I am plan planning this trip for either late 2018 or early 2019 since my daughter wants to make the trip with me. Have not decided which point to originate (Toronto or Vancouver). I have viewed many of the videos on line which sold my daughter on coming along, actually both daughters want to come, but only one's work and family schedule has enough time. Moving forward so back to the planning,


----------



## Tennessee Traveler (Feb 22, 2018)

If I have not made it clear, the equipment originates in Vancouver and almost always leaves on time 8:30 pm. This same equipment turns in Toronto and if the #2 is more than 4 hours late the Toronto departure is delayed to allow for 8 hours to restocked and clean the train and minimum 6 hours rest for the crew since the crews always start in Winnipeg and then return on next train from Toronto or Vancouver. Almost all the on board staff lives in Winnipeg. My train departed Vancouver on time 8:30 pm but was 14 hours late arriving Toronto 11 pm instead of the scheduled 9:30 am. Thus the turn around train did not leave on the return trip until Sunday morning 9:55 am instead of the scheduled 10 pm Saturday night. So it departed 12 hours late from Toronto. Moral of the story is that the train leaves Vancouver on time but is usually late leaving Toronto. If you come from out of town and the Canadian is held until the next day, Sleeper class passengers will be booked for an overnight in the Royal York Hotel in Toronto. Originate in Vancouver for on time departure and best view of Rocky Mountain scenery in the daylight hours.


----------



## Bob Dylan (Feb 22, 2018)

Reagan already posted the info about the Late arrivals/departures.

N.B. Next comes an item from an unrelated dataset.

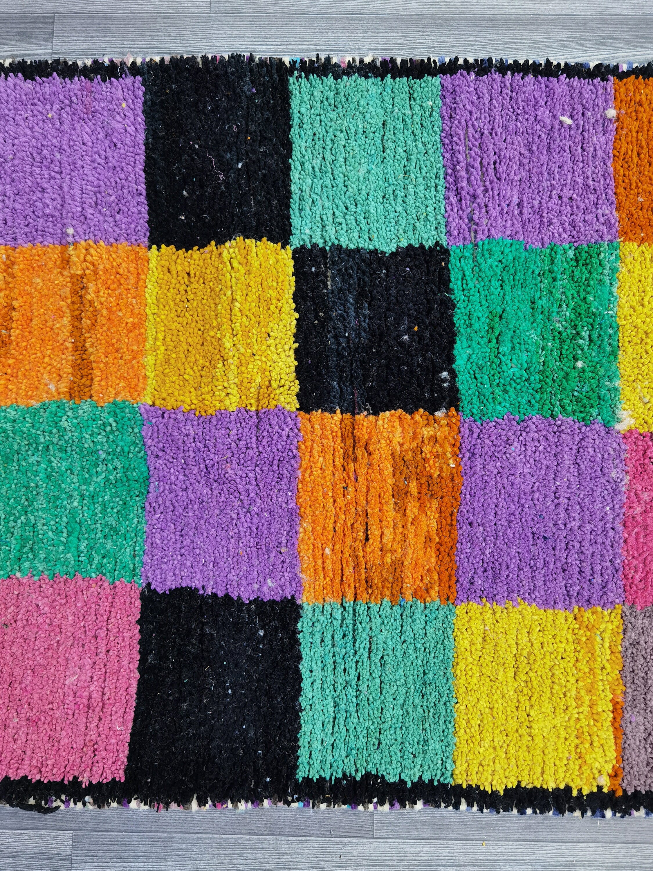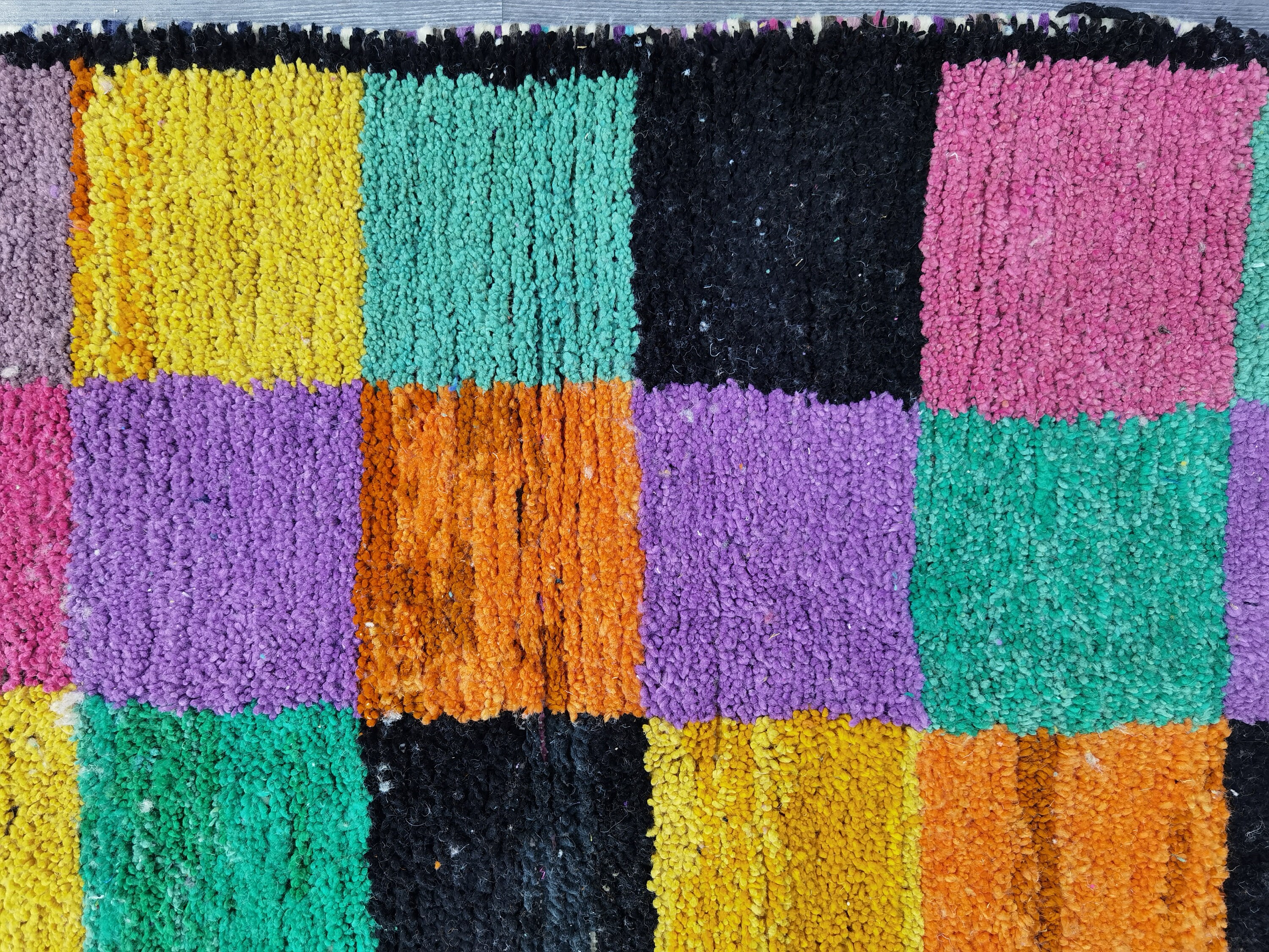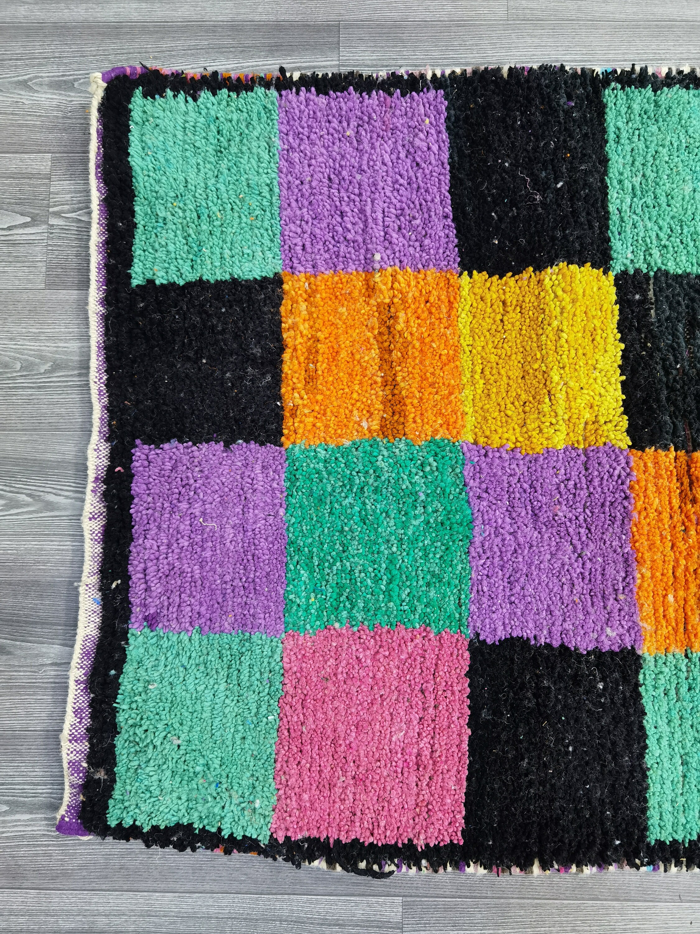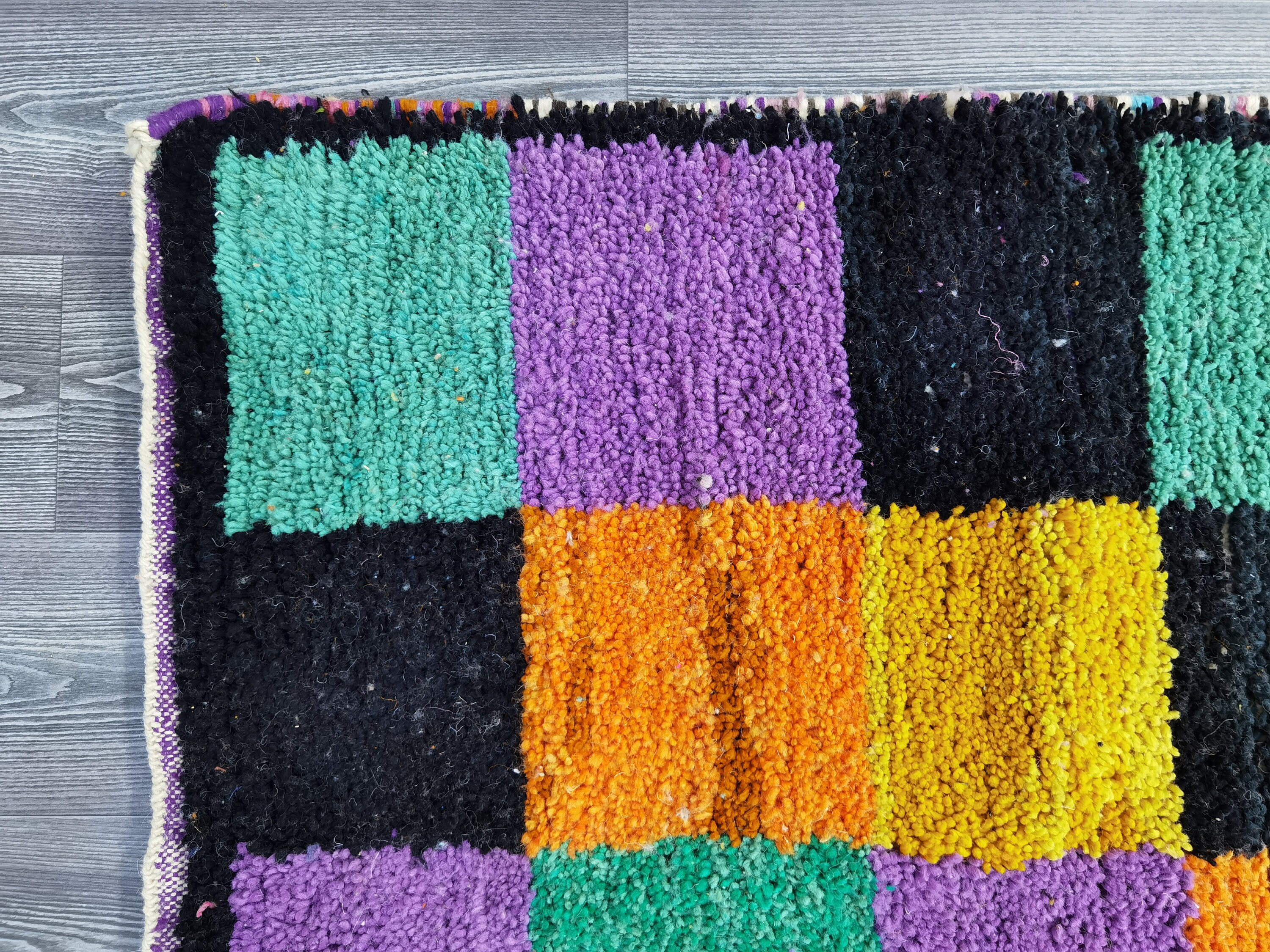 Checkered Moroccan Rug Multicolor, Checkered Carpet Beni Ourain, Custom Berber Area Rug, Handwoven Wool Rug,Azilal Wool Rug, Moroccan Rug

I suggest that y'all leave from Vancouver ( you can ride the train up from Seattle in the am or fly into Vancouver and take the Sky Train to Pacific Central Station)and enjoy the day in Beautiful Vancouver before leaving in the evening.

Also, since you're traveling with your daughter, consider booking a Section ( Upper and Lower Berths), its quite a bit cheaper than cabins and has very comfortable beds to go with all the Sleeper benefits.

You'll spend most of your time in the Dome,Diner and Park Car anyway.


----------



## JRR (Feb 22, 2018)

We loved the Canadian. Of course, we were taking it for the trip, not because we had to be some where at a specific time. It was a great trip, and the delay just meant that we had that much longer to enjoy the train ride! Take the trip and leave from Vancouver.

Sent from my iPhone using Amtrak Forum


----------



## Lonestar648 (Feb 23, 2018)

Thanks everyone. Will plan to leave from Vancouver now. The delay doesn't bother me as long as we are on the train. Just didn't want to arrive at the station to have originating departure pushed out repeatedly like the airlines do. We plan to spend most of our time outside our room to see everything we are passing. Wonder how well you can see the stars at night in the domes.


----------